* [The task] Set down word for word the lines that begin the entries and run through the line containing "nuestro soporte principal.". Give nothing further.

* [Records]
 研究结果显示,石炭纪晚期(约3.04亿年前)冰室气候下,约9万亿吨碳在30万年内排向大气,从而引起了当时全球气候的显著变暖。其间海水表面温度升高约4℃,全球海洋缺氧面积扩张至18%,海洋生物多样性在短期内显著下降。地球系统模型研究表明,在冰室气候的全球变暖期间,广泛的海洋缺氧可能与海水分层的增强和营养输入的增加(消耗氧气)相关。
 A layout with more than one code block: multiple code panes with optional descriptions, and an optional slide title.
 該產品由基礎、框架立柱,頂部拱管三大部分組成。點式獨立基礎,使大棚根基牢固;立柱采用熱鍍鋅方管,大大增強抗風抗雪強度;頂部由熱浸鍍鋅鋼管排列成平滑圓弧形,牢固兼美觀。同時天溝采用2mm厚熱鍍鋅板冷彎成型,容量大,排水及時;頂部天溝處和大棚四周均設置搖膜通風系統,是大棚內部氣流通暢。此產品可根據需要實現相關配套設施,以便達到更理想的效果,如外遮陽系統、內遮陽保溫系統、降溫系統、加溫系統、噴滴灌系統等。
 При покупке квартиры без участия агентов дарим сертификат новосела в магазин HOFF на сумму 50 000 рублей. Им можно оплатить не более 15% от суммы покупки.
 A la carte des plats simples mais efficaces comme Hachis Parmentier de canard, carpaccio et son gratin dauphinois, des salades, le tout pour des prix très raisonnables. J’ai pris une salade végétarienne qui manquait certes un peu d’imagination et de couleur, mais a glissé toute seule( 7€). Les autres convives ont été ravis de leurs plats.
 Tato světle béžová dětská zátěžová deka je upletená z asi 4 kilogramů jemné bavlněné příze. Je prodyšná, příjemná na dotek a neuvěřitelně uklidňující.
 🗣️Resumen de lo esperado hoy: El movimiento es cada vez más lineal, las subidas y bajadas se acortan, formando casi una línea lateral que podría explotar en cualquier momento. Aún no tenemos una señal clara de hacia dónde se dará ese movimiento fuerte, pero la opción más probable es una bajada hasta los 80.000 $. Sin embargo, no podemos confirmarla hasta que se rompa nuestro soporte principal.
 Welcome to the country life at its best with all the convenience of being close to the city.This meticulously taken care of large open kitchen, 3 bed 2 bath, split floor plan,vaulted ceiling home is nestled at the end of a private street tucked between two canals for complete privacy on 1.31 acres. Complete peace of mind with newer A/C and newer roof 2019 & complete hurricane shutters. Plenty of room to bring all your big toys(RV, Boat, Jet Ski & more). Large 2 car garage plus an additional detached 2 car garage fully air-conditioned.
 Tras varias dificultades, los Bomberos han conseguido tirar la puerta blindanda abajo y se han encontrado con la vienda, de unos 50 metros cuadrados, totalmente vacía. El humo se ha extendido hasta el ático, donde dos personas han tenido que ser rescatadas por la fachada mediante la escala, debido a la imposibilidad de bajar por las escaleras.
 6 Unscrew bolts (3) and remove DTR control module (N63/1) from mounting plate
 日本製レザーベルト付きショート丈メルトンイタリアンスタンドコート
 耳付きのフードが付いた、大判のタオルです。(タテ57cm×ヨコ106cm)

* [Solution to this problem]
 研究结果显示,石炭纪晚期(约3.04亿年前)冰室气候下,约9万亿吨碳在30万年内排向大气,从而引起了当时全球气候的显著变暖。其间海水表面温度升高约4℃,全球海洋缺氧面积扩张至18%,海洋生物多样性在短期内显著下降。地球系统模型研究表明,在冰室气候的全球变暖期间,广泛的海洋缺氧可能与海水分层的增强和营养输入的增加(消耗氧气)相关。
 A layout with more than one code block: multiple code panes with optional descriptions, and an optional slide title.
 該產品由基礎、框架立柱,頂部拱管三大部分組成。點式獨立基礎,使大棚根基牢固;立柱采用熱鍍鋅方管,大大增強抗風抗雪強度;頂部由熱浸鍍鋅鋼管排列成平滑圓弧形,牢固兼美觀。同時天溝采用2mm厚熱鍍鋅板冷彎成型,容量大,排水及時;頂部天溝處和大棚四周均設置搖膜通風系統,是大棚內部氣流通暢。此產品可根據需要實現相關配套設施,以便達到更理想的效果,如外遮陽系統、內遮陽保溫系統、降溫系統、加溫系統、噴滴灌系統等。
 При покупке квартиры без участия агентов дарим сертификат новосела в магазин HOFF на сумму 50 000 рублей. Им можно оплатить не более 15% от суммы покупки.
 A la carte des plats simples mais efficaces comme Hachis Parmentier de canard, carpaccio et son gratin dauphinois, des salades, le tout pour des prix très raisonnables. J’ai pris une salade végétarienne qui manquait certes un peu d’imagination et de couleur, mais a glissé toute seule( 7€). Les autres convives ont été ravis de leurs plats.
 Tato světle béžová dětská zátěžová deka je upletená z asi 4 kilogramů jemné bavlněné příze. Je prodyšná, příjemná na dotek a neuvěřitelně uklidňující.
 🗣️Resumen de lo esperado hoy: El movimiento es cada vez más lineal, las subidas y bajadas se acortan, formando casi una línea lateral que podría explotar en cualquier momento. Aún no tenemos una señal clara de hacia dónde se dará ese movimiento fuerte, pero la opción más probable es una bajada hasta los 80.000 $. Sin embargo, no podemos confirmarla hasta que se rompa nuestro soporte principal.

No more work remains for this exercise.